Levy Adcock (born November 12, 1988) is an American football offensive tackle who is a free agent. He played college football for Oklahoma State University, and was recognized as a consensus All-American. He was signed by the Dallas Cowboys as an undrafted free agent following the 2012 NFL Draft.

Early years
Adcock was born in Claremore, Oklahoma.  He attended Sequoyah High School in Claremore, and he played football, baseball and basketball for the Sequoyah Eagles.  He was the first player in Rogers County history to be named all-county in each sport. He helped lead Claremore Sequoyah to their first ever state championship in football.
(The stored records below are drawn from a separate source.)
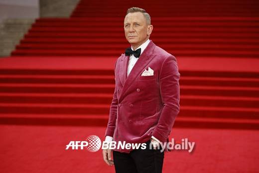 분홍색 벨벳 디너 재킷을 입은 다니엘 크레이그는 라미 말렉, 레아 세이두 등과 함께 프리미어 행사에 참석했다.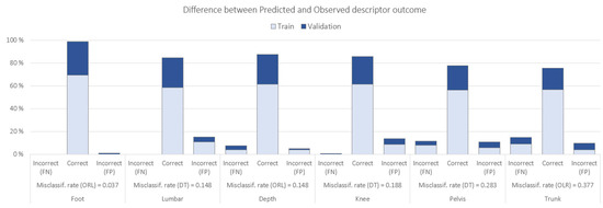 The models with the best/lowest misclassification rate for each descriptor as a target and the difference between predicted and observed ‘grade’ based on biomechanical data are shown in Figure 6.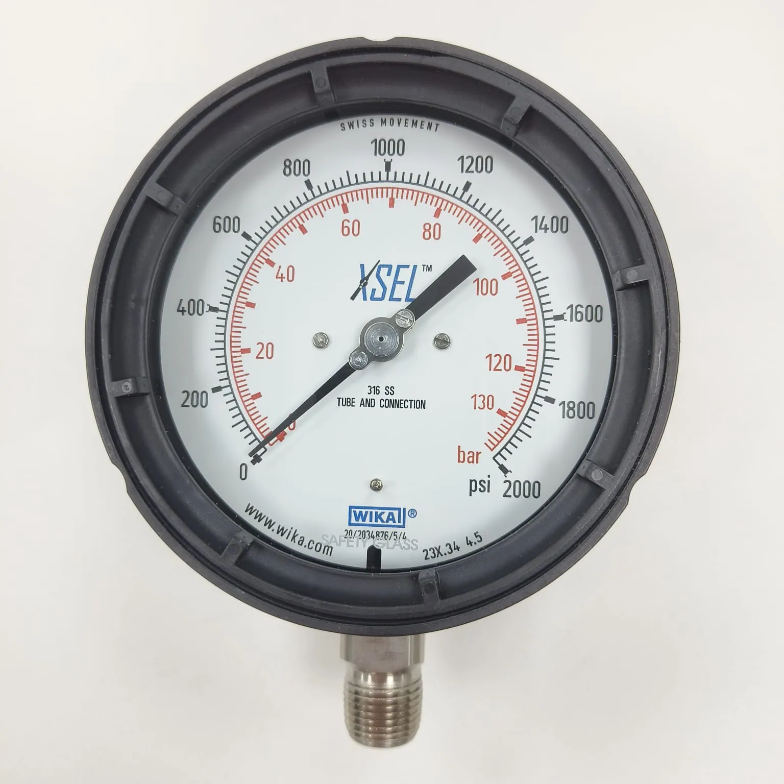 WIKA XSEL Bourdon Tube Gauge 232.34, 0...2000 psi, Dual Scale psi/bar, 4.5" Dial, 1/2" NPT Bottom Mount, 50381547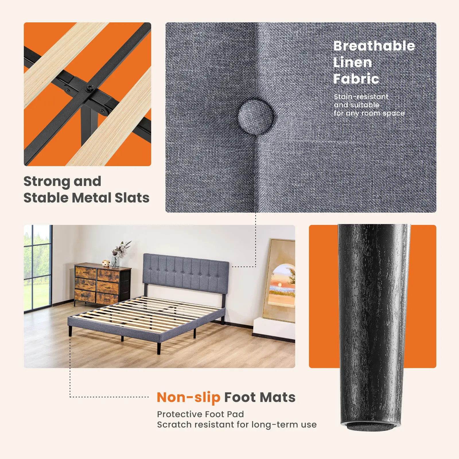 ·No box Spring Needed: Heavy-duty steel slats provide exceptional support and stability for any mattress type, eliminating the need for a costly box spring. Save money without sacrificing comfort or durability.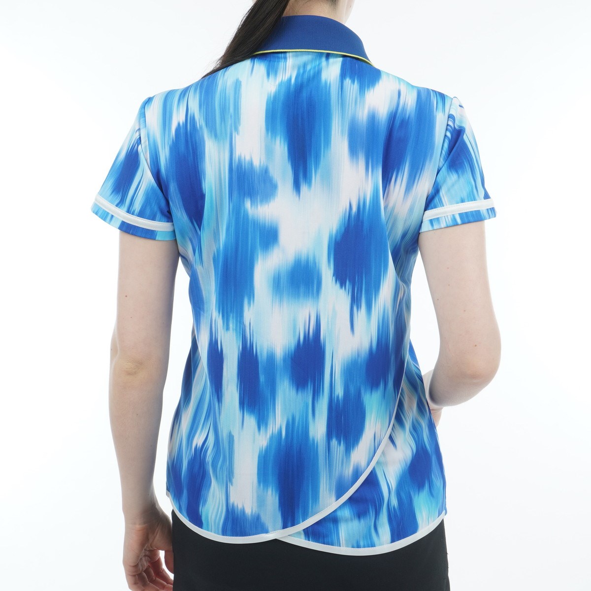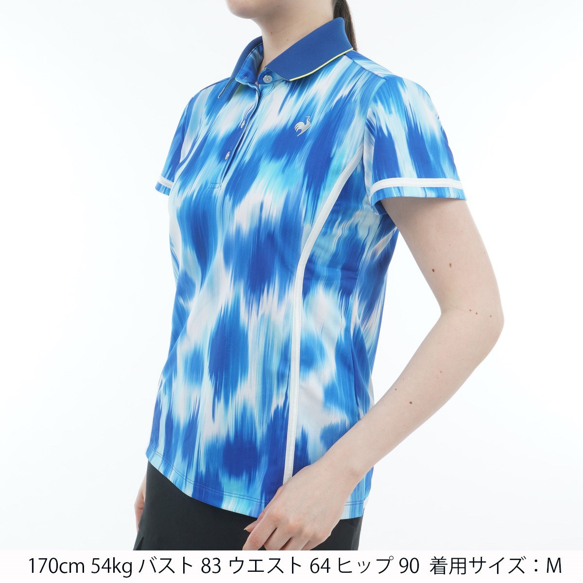 ルコックスポルティフ ゴルフ Le coq sportif GOLF RIJOUME ストレッチ カーブライン 夏柄半袖シャツ M ブルー 00 レディス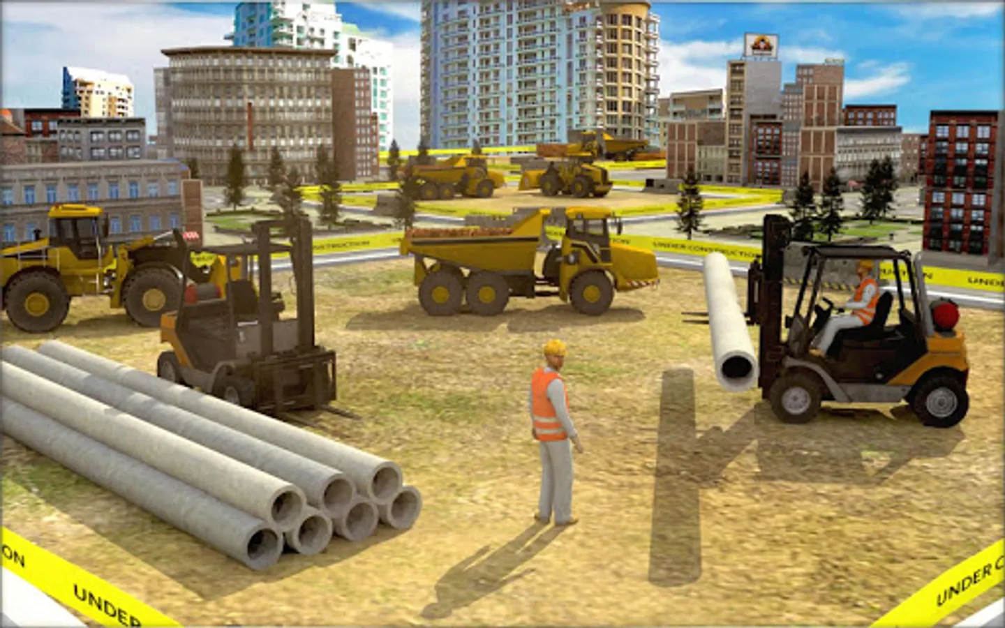 In City Construction: Building Simulator game Excavator cranes are digging the ground, fork lifters mobilizing huge sewerage pipes, cargo trucks loaded with sand, concrete, mixer machinery mixing concrete, Road rollers are compacting the ground. You’ve a lot of construction work for city building new mega city. Enjoy challenging construction simulator heavy machines driving tasks. Drive forklift, haul truck, bulldozer and excavator simulator in this real city construction game over other construction games. Complete your new city project within given time and drive heavy machinery and construction equipment back to the parking.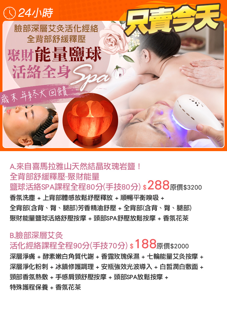 A.來自喜馬拉雅山天然結晶玫瑰岩鹽!全背部舒緩釋壓~聚財能量鹽球活絡SPA課程全程80分(手技80分) / B.臉部深層艾灸活化經絡課程全程90分(手技70分)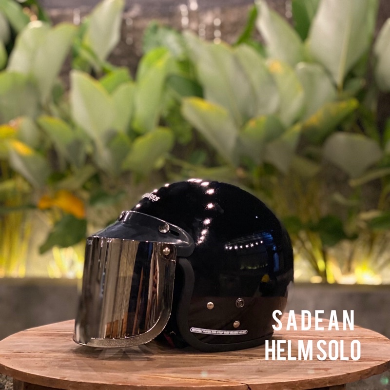 Helm Bogo retro polos dewasa list Crome chrome chroom chroome Hitam SNI murah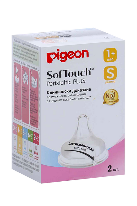 Соска Pigeon СофТач Перистальтик Плюс силик д/бутылочки отверст S (с 1 мес), 2 шт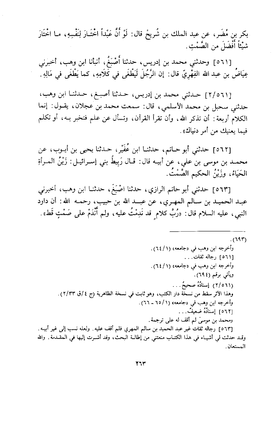 563 - حَدَّثَنِي أَبُو حَاتِمٍ الرَّازِيُّ، حَدَّثَنَا أَصْبَغُ، حَدَّثَنَا ابْنُ وَهْبٍ، أَخْبَرَنِي ابْنُ عَبْدِ الْحَمِيدِ بْنِ سَالِمٍ الْمَهْرِيِّ، عَنْ عَبْدِ اللَّهِ بْنِ حَبِيبٍ رَحِمَهُ اللَّهُ: " أَنَّ §دَاوُدَ النَّبِيَّ عَلَيْهِ السَّلَامُ قَالَ: رُبَّ كَلَامٍ قَدْ نَدِمْتُ عَلَيْهِ وَلَمْ أَنْدَمْ عَلَى صَمْتٍ قَطُّ "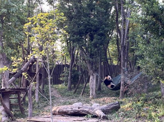圖說:10月21日,四川成都大熊貓繁育研究基地,一只大熊貓在悠閑進食。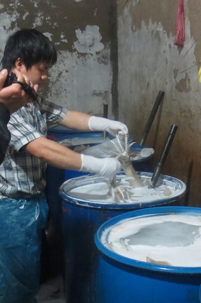 Cách đây chưa đầy một tuần, đội cảnh sát môi trường Ba Đình, Hà Nội đã bất ngờ kiểm tra khu vực buôn bán thủy sản trong chợ Long Biên. Tại kho G2, cơ quan chức năng bắt quả tang Vũ Mạnh Cầm (22 tuổi, ở Ân Thi, Hưng Yên - nhân viên khu thủy sản), đang đổ hàng chục kg mực ôi, bốc mùi vào các thùng phuy cỡ lớn chứa hóa chất công nghiệp. Theo lời khai ban đầu của Vũ Mạnh Cầm, Cầm chỉ làm thuê cho bà chủ Ngô Thị Nụ (46 tuổi, ở phường Bạch Đằng, quận Hai Bà Trưng, Hà Nội). Để làm trắng sản phẩm, Cầm khai phải hòa 300ml oxy già công nghiệp vào thùng phuy nước, trước khi đổ mực kém chất lượng vào ngâm. Sau 30 phút, anh ta dùng gậy sắt đảo đều tới khi mực trắng, hết mùi thối thì đem ra bán.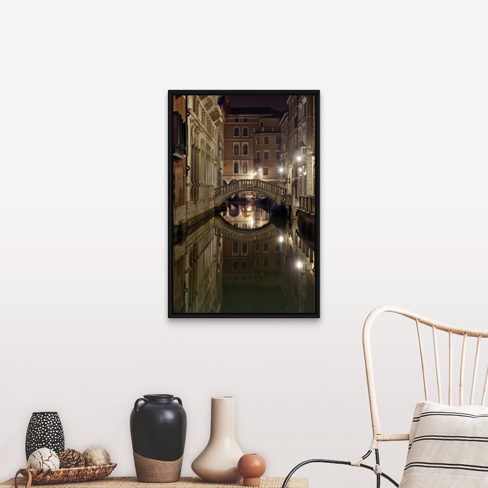 "Canal at dusk in Venice" Black Float Frame Canvas Art

That team went 14-0.

College career
Adcock originally attended Northeastern Oklahoma A&M College, but transferred to Oklahoma State and played for the Oklahoma State Cowboys football team from 2009 to 2011.  He spent his first year with the Cowboys mainly on special teams, but would occasionally line up as a fourth tight end.  In 2010, he became a starter and was a first-team All Big 12 selection after not allowing a quarterback sack during the entire season.  Following his senior season in 2011, he was a first-team All-Big 12 selection for the second consecutive year, and was recognized as a consensus first-team All-American.

Professional career
Adcock went undrafted in the 2012 NFL Draft but was signed as a free agent by the Dallas Cowboys.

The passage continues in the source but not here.